The challenge becomes even more complex because these institutions often operate with limited security resources but face sophisticated threats. They need security solutions that can scale across thousands of users without hindering the user experience or technological advancement.
What security risks should CISOs in education and other sensitive industries be most concerned about when deploying AI?
The primary concern is what I call “unintentional data leakage” – when users share sensitive information with an AI system without realizing the downstream implications. Unlike traditional applications where data pathways are well-defined, AI systems can be black boxes that ingest, process and potentially store information in ways that aren’t immediately transparent.
There’s also the risk of prompt injection attacks, where malicious actors might try to trick AI systems into revealing information they shouldn’t have access to. And we can’t forget about the possibility of AI systems generating harmful or misleading content if not properly secured.
Organizations need to think about securing both the input to these AI systems – what users are sharing – and the output – what the AI is generating in response.
How can institutions balance security with the need for technology adoption and accessibility?
A reflexive security response might be to lock everything down, but that approach simply doesn’t work. If security becomes too restrictive, users will find workarounds – they’ll use unsanctioned consumer AI tools instead, creating an even bigger shadow IT problem.
The key is implementing what I call “frictionless security” – protection mechanisms that work in the background without users even knowing they’re there. Think of it as an invisible safety net that catches sensitive data before it reaches external AI models but doesn’t impede legitimate uses.

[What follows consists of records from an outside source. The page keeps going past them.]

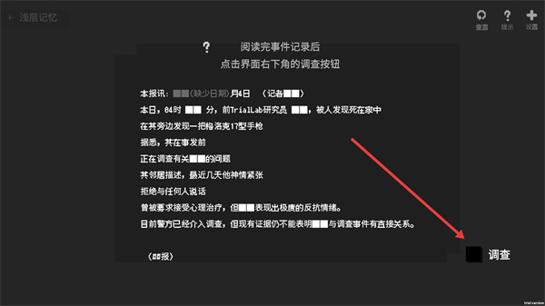 4、閱讀完事件記錄后,點擊界面右下角的【調(diào)查】按鈕,繼續(xù)游戲流程。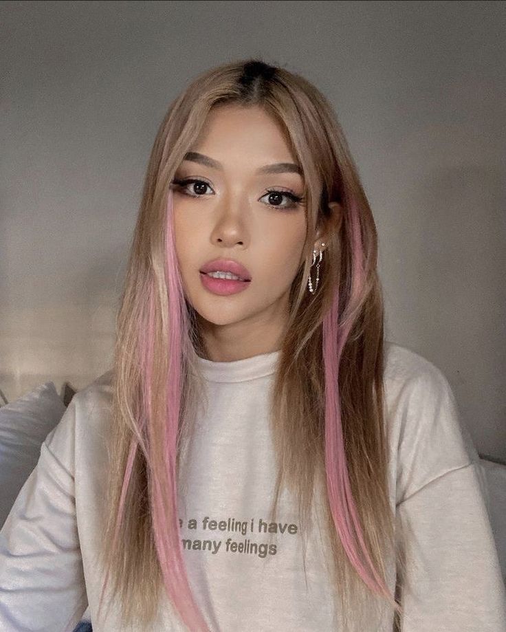 For a playful and youthful take on blonde, this style integrates money piece highlights in a soft blush pink hue. The subtle pastel accents blend beautifully with the natural blonde, adding a pop of color to your look. Perfect for anyone who loves color ideas with a creative twist.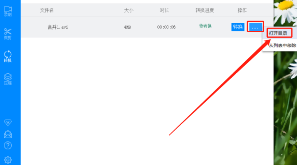 6.最后等到转换完成,我们点击转换按钮后面的三点按钮在出现的界面选项中点击打开目录选项就可以查看转换之后的视频文件了。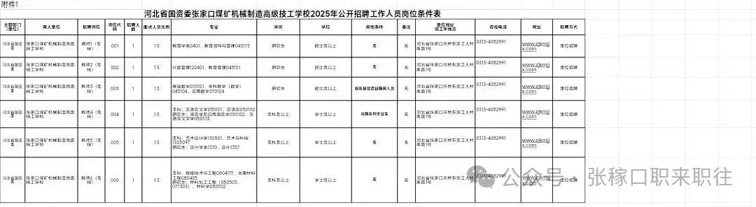 1.张家口煤矿机械制造高级技工学校2025年公开招聘工作人员岗位条件表.xls

API-driven security approaches work particularly well here. Rather than restricting AI adoption, organizations can implement security solutions that automatically redact sensitive information from user prompts and uploaded files in real-time before they reach external AI models. As Mike Manrod, CISO at GCE explains: “What Pangea has allowed us to do is to intercept and apply logic to those prompts. If the prompt violates a data rule for something we don’t want going to an API like OpenAI or Anthropic, we apply redaction at machine speed, without any user impact or user experience change.”
It’s also crucial to adopt a risk-based approach. Not all AI interactions carry the same level of risk. A student asking about cafeteria hours doesn’t need the same security controls as a faculty member uploading research data.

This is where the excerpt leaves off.